Week 20: Agonising Wait

Type of writing: Internal monologue about being outside the principal's office.



So here I am. Aged four months outside the headteacher’s office. Mum never said anything about this. She said that she had to speak to the headteacher about her timetable, about her return to work. She said that her colleagues wanted to see me: to coo my cuteness, to aah my adorability. Well, been there, done that, been sick over my bib. So why are we still here?

I saw another boy in this seat earlier. He was crying, screaming, “I don’t want to see the headteacher.” I don’t blame him. Even my mum had to knock on the door to be let in. They must be really scary. The boy cried, “I know what I should have done now; don’t make me go in there.”

A little while after, another boy sat down, as pleased as milk. He looked so happy. Like he’d been rubbed and raspberried all his life. He rocked his legs back and forth as though he were on a swing. He told the lady behind the desk, “I’m going to get a sticker. I’ve been a good boy.”

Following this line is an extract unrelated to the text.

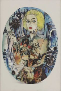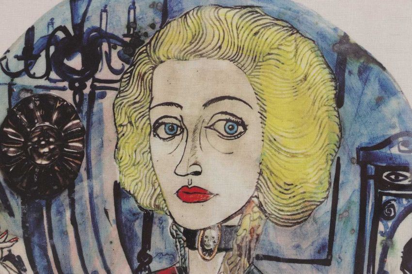 digital print in colours on linen, from a limited edition of 400 tea towels created for the Hayward Gallery that depicts Perry's ceramic work 'Claire as a Soldier,1987'

Two different boys. Two different states. Two different fates.

What will be mine?

I reflect on my actions. Earlier in the week, I was sick on my dad’s suit. He’d just spent £8 getting it dry cleaned. (I don’t know why he didn’t put it in the wheel like the other clothes – would have saved him £8 pounds). I also wet my dad’s trousers. What can I say: they put too much trust in me? Like washing, they let me all hang out, then they’re surprised when it rains. I mean, we live in England. You should expect to get wet even indoors.

As for my mum, I pulled her hair this week. I say I pulled her hair this week; I pull it every week. She grimaces when I do it, says she doesn’t like it. But I like doing it, so I do it anyway. Is that selfish? Also, I haven’t moved my bowels. I have to move my bum every three days, otherwise I can’t carry on with my medicine. Maybe that’s why I’m here. For the headteacher to scare the poo out of me.

But my mum and dad kiss me all the time. Tell me how beautiful I am. They smile constantly and cuddle me tight. When I do something, even the smallest thing, like sit up, they applaud me as though I’ve come up with a vaccine.

So I don’t know if I’m here to be punished or celebrated. I know I’ve done wrong this week. I should have waited until my dad had worn his suit in for a bit before I sicked on it. Appreciated that my mum goes to a building for a hair cut so maybe I’m not the best person qualified to do it. I just don't know what will happen to me.

Will I be made a sticker of or an example?

The door opens.

And so I step into the darkness within; or else the light.